Today I went to see my Family Doctor.  I wanted to talk about my bone scan results… and how I might be depressed, and how I’m not comping well, and to introduce her to the ongoing problem with ED*, and to tell her how I increasingly feel the need to escape from my life…(I know all your Family Med types are cringing at the thought of how this 10min booked appointment went…).  It didn’t take me long to break down crying in her office.  She listened.  And that’s doing a lot more than what most other people in my life have been doing.  She asked me if I thought about taking a short medical leave from residency, you know, to get my feet back underneath me.

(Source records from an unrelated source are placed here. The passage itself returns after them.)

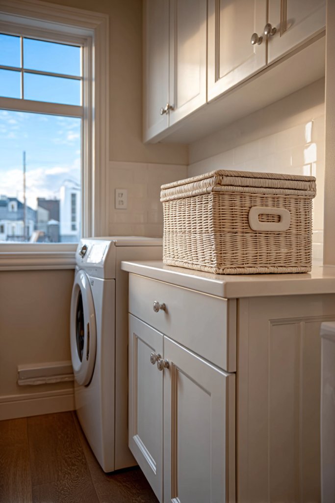 Cluttered laundry rooms can quickly turn into chaos, especially when supplies and clothes are tossed in haphazardly. Stylish baskets and bins offer a practical way to corral clutter while adding a decorative touch. They keep everything in its place and make your laundry space look intentional and tidy.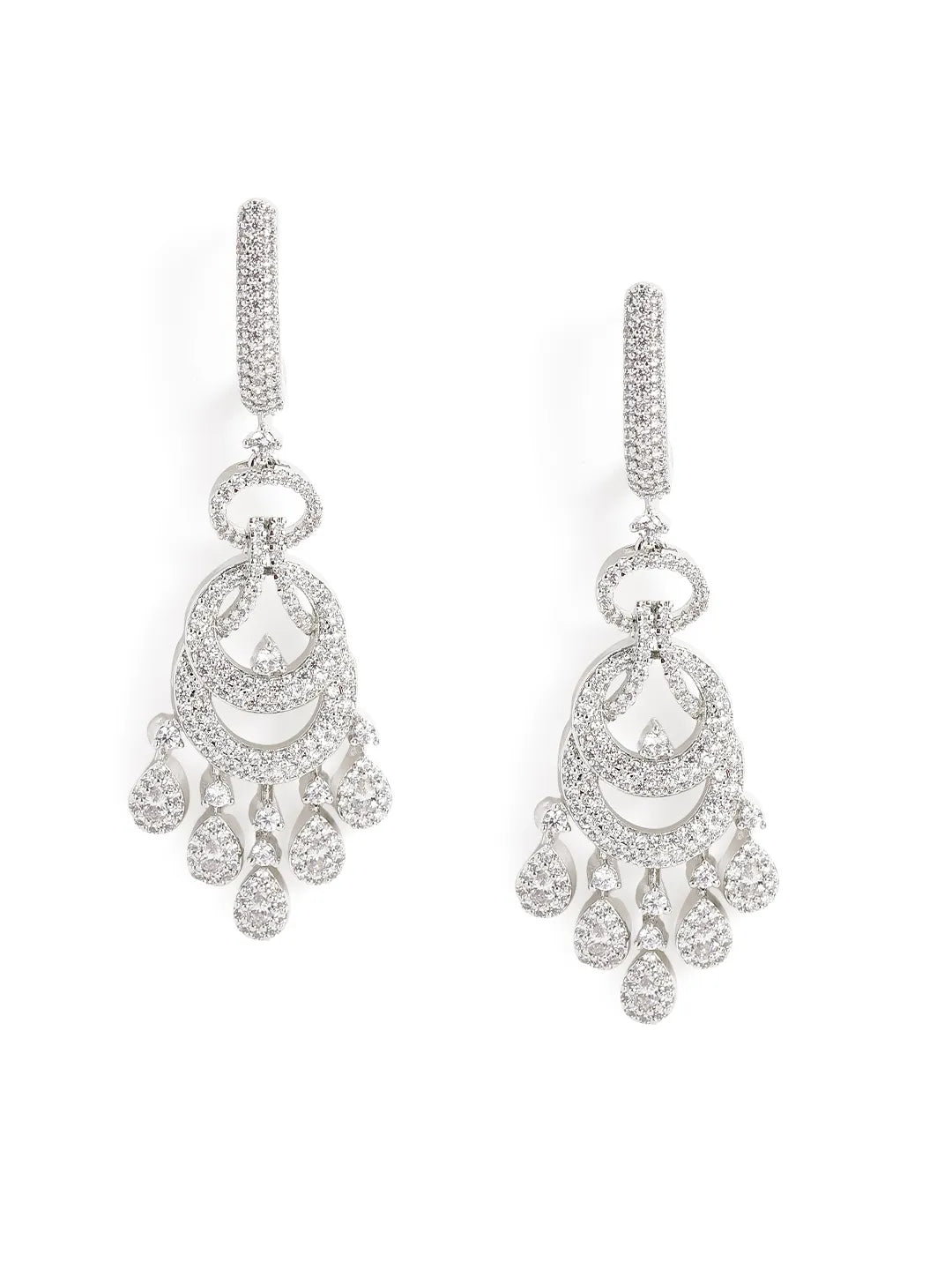Product Name: Luxurious Pave CZ Teardrop Earrings - Silver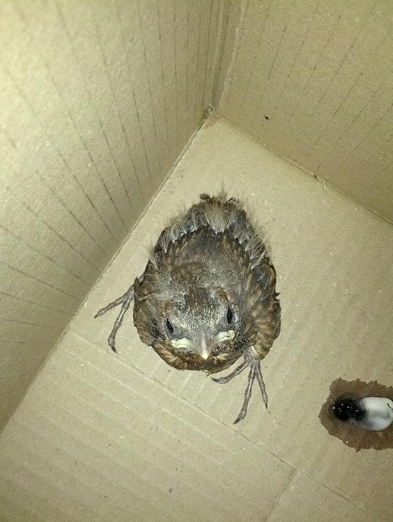 Ho trovato a terra un uccellino, zona parcheggio/strada, a rischio auto e gatti verso le 17.00.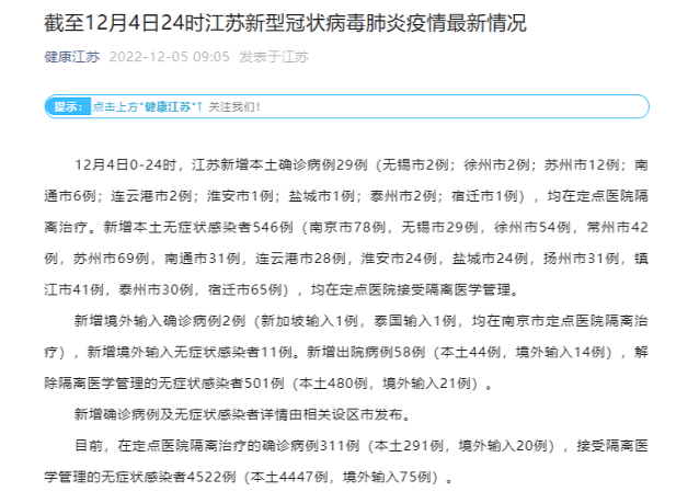 12月4日江蘇新增本土確診29例 新增本土無癥狀546例

It sounds like a good idea.  I can let myself recover a little bit and give myself a chance to really think clearly about what I need to do for myself.  I can sort out the priorities around my family life.  I can re-evaluate my career choices while I am better rested.  It really does sound like a good idea.  I said I would think about it and mentioned that I set up an appointment with the learner advocacy office next week to talk about what a medical leave in residency would look like (and what it would do to my program time frame).  She also suggested that maybe I take the rest of the day off today – or even the rest of the week.  My short Christmas break starts next week and the thought of having the next 3 days off leading into that sounds quite nice.  I accepted the sick note that she wrote for me and tried to compose myself before I walked out of her office.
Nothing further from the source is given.